Most street festivals, carnivals, and fairs are out. I don’t like parties or, really, any large social occasion. Clubs, bars and pubs are usually no-go zones. There are things like karaoke that I’ve never even seriously considered.
But restaurants can’t really be avoided, and there are certainly some that are more accessible than others. But I’m in a relationship with someone in a wheelchair, and I already have food issues, so inevitably I have to compromise because what are the odds we’ll find some place that’s completely accessible for both of us?
(We have actually found a few places)
A few years ago I described my ideal restaurant to my friend Timothy, who is a hyposensitive Aspie.
“It would be a series of sound-proof rooms, totally silent, devoid of any decorations, well-lit, and you wouldn’t have to interact with the server. You’d look at the menu, check off the items you wanted, and put it through a slot in the door. Then your food would be given to you through the slot.”
Timothy was horrified.
“David, that’s not a restaurant,” he said. “That’s prison.”
Then there’s social interaction, which is the most difficult factor to figure out. Not difficult for me- just back off, for God’s sake- but difficult for other people.
I’ve been told that things like eye contact, small talk, and simple exchanges like “hello” or “how are you” serve as social lubricant, and make people feel comfortable, welcome, and at ease. Basically, they help keep society going.
I would much rather have people cut this shit out right now, because it’s slowly killing me.
You people need a constant, low-grade patter of civility to feel connected to others and, I guess, feel secure and emotionally fulfilled. In an environment that was accessible for autistic people, this stuff wouldn’t exist. Our emotional needs are incompatible with yours.
We’re all good people here who want the best for other people, so what the hell are we supposed to do for each other?
A few years ago I found out about a conference for autistics. It was an attempt to create a real-world autistic culture; a fully accessible space for folks on the spectrum. The website warned neurotypicals that the experience might be too intense for them, which is reasonable because- as I’ve pointed out- what’s good for us is poison for you, and vice versa.
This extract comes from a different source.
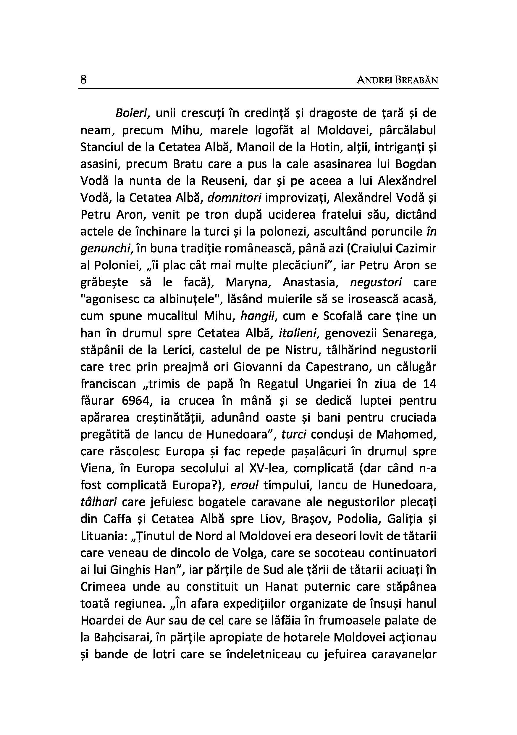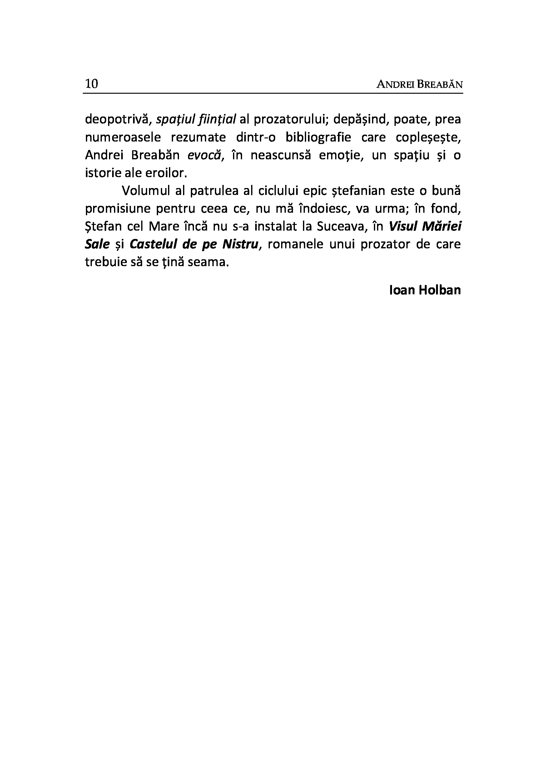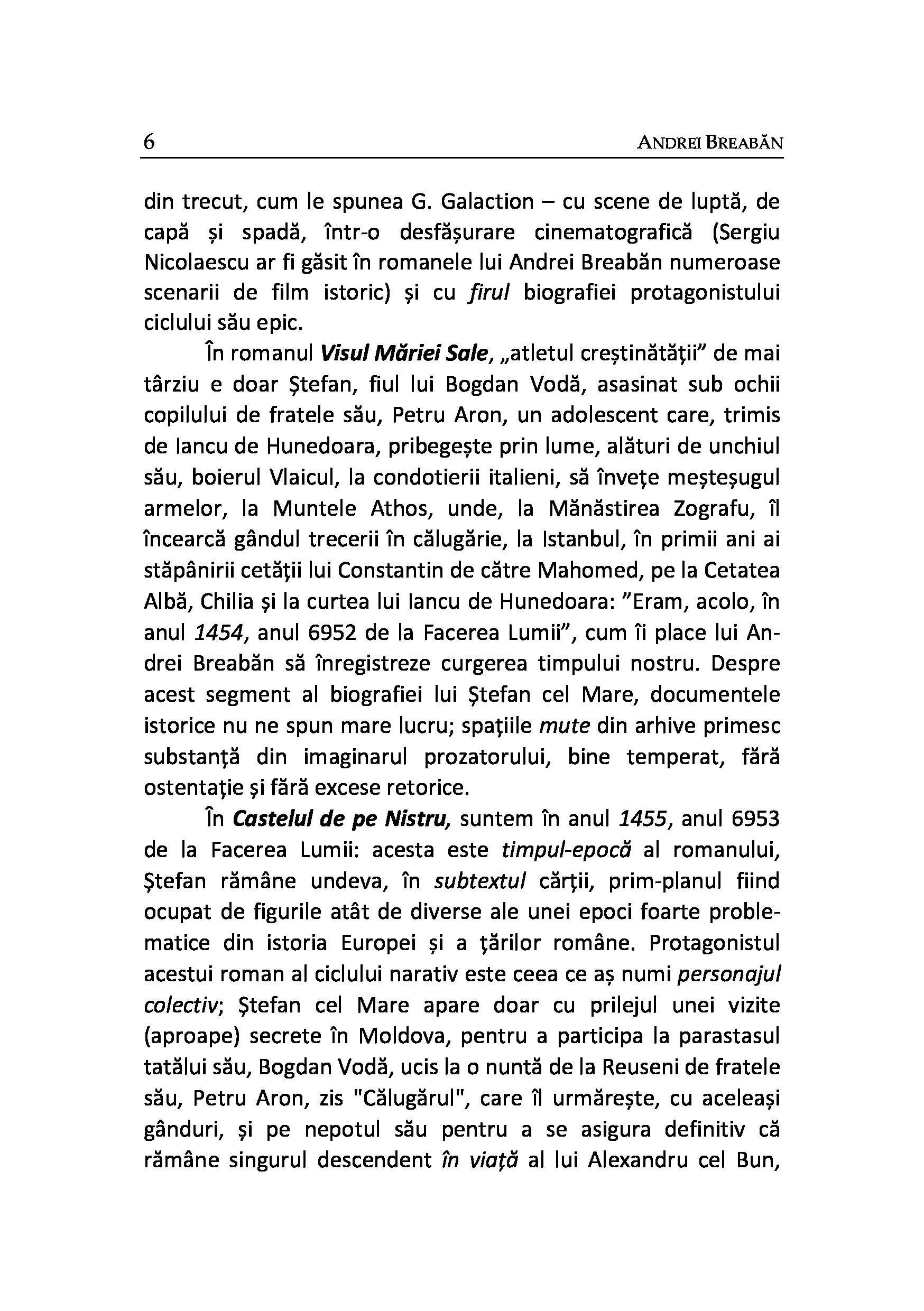 Dincolo de firul narativ care deapana biografia lui Stefan cel Mare, prozatorul are un remarcabil talent in reconstituirea epocii, a Moldovei, in tot cuprinsul sau de atunci, cu Cetatea Alba, Chilia, Castelul Lerici de pe Nistru; Targul Vasluiului, Targul Baia, Suceava, Lapusna, cu datinile pastrate, iata, pana azi, cum sunt obiceiurile de nunta ori parastasul de la Reuseni; iata Castelul de pe Nistru: Castelul Lerici, cu turnurile sale maiestuoase, se oglindea mandru in apele Nistrului, care formau ceva mai la vale un liman larg pregatindu-se sa se verse in mare. Apele jucause ale raului se jucau zburdalnic cu valurile inspumate, care veneau dinspre mare lasand la plecare ceva din sarea care le prisosea, ca semn al bunavointei cu care le primea spre a se uni cu ele spre eternitate. Ridicat chiar pe malul Nistrului, pentru a fi mai usor de aparat, apele leganate de vant se loveau fara tihna de zidurile de piatra ale Castelului pe care le spalau de praful venit dinspre uscat, adus peste ele de acelasi vant jucaus, astfel ca zilnic se luau la intrecere care sa lase mai multe urme pe ele. Moldova lui Andrei Breaban este un spatiu identitar al neamului si, deopotriva, spatiul fiintial al prozatorului; depasind, poate, prea numeroasele rezumate dintr-o bibliografie care copleseste, Andrei Breaban evoca, in neascunsa emotie, un spatiu si o istorie ale eroilor. - Ioan Holban

The conference- I wish I could remember its name- had an innovative approach to social interaction. Everyone at the conference wore a badge: red, yellow, or green. A green badge meant the person was totally open to engaging with other people. A yellow badge meant they were open to being approached, but didn’t like initiating social contact. A red badge meant that they didn’t want to socialize.
Presumably people could change badges based on their mood. I think something like this could be really useful in society, though for some reason a lot of people are resistant to being labeled.
But disabled people get labeled all the time. We’re freaks, weirdos, leeches, lazy, incompetent, incomplete, unlovable, unwanted, stupid, crazy, crippled. We’re the worst-case scenario.
That’s why it’s important for us to own our labels. If an autistic person starts every day deciding which badge to wear, that creates a certain power. And there are so many other people- even non-disabled people- whose lives would feel richer by making that kind of choice.
And what about the rest of it, the noise and crowds? Well, I don’t fucking know. It feels like I’m surrounded by aliens, but I know that I’m the real alien. This isn’t my world.
Autistic accessibility is, for the most part, next to impossible. We can build all the ramps and escalators we want in order to make the world accessible for the physically disabled (and why the fuck haven’t we?), but in order to create a society fit for autistics, we’d have to burn the world down and start over.
I mean, I wouldn’t be entirely opposed to that, but I suspect there’d be some pushback.